● **TASK ITEM**: Could the lines from the top of the material to the line that contains "A área gourmet" be retyped exactly, both included and pictures omitted?

___ DATASET SECTION ___

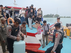 Polisi Baik Polsek Kepulauan Seribu Utara Bantu Penumpang Turun dari Kapal, Wujudkan Pengamanan Humanis di Dermaga
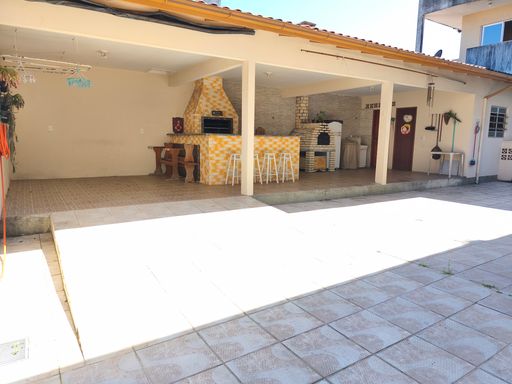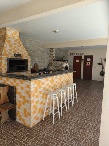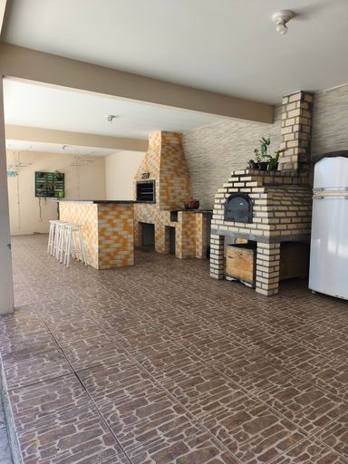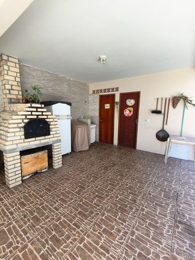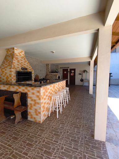 A área gourmet no fundo do terreno possui 68 metros quadrados e é térrea. Ela possui 1 banheiro, 1 quarto, churrasqueira, fogão a lenha, forno de pizza e lavanderia
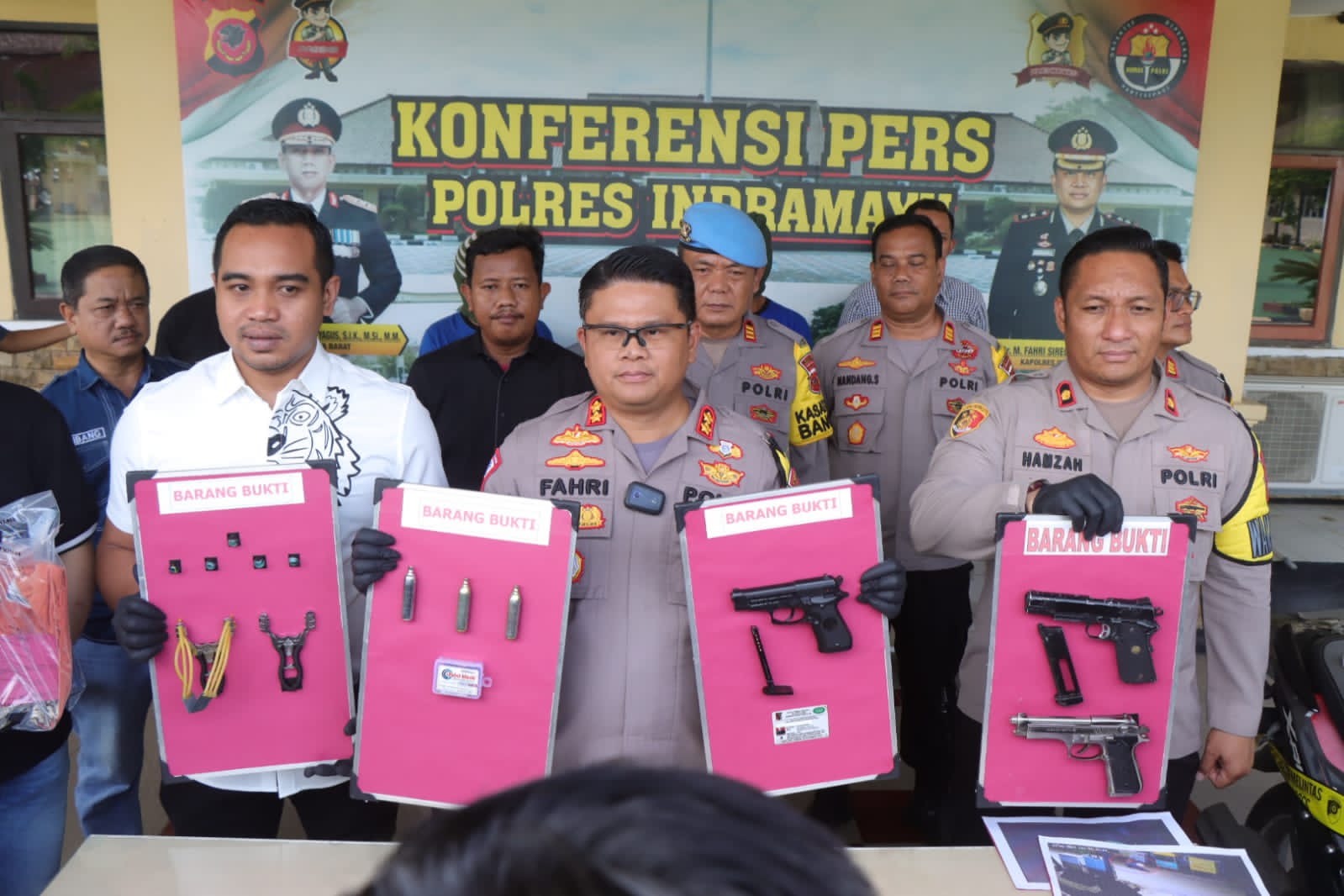 Kapolres Indramayu, AKBP Dr. M. Fahri Siregar S.H., S.I.K., M.H., menyampaikan bahwa kejadian ini bermula dari laporan korban yang menyebutkan adanya kerusakan pada kaca kafe Manunggal miliknya yang diduga akibat tembakan.

___

● **TASK SOLUTION**:
 Polisi Baik Polsek Kepulauan Seribu Utara Bantu Penumpang Turun dari Kapal, Wujudkan Pengamanan Humanis di Dermaga
 A área gourmet no fundo do terreno possui 68 metros quadrados e é térrea. Ela possui 1 banheiro, 1 quarto, churrasqueira, fogão a lenha, forno de pizza e lavanderia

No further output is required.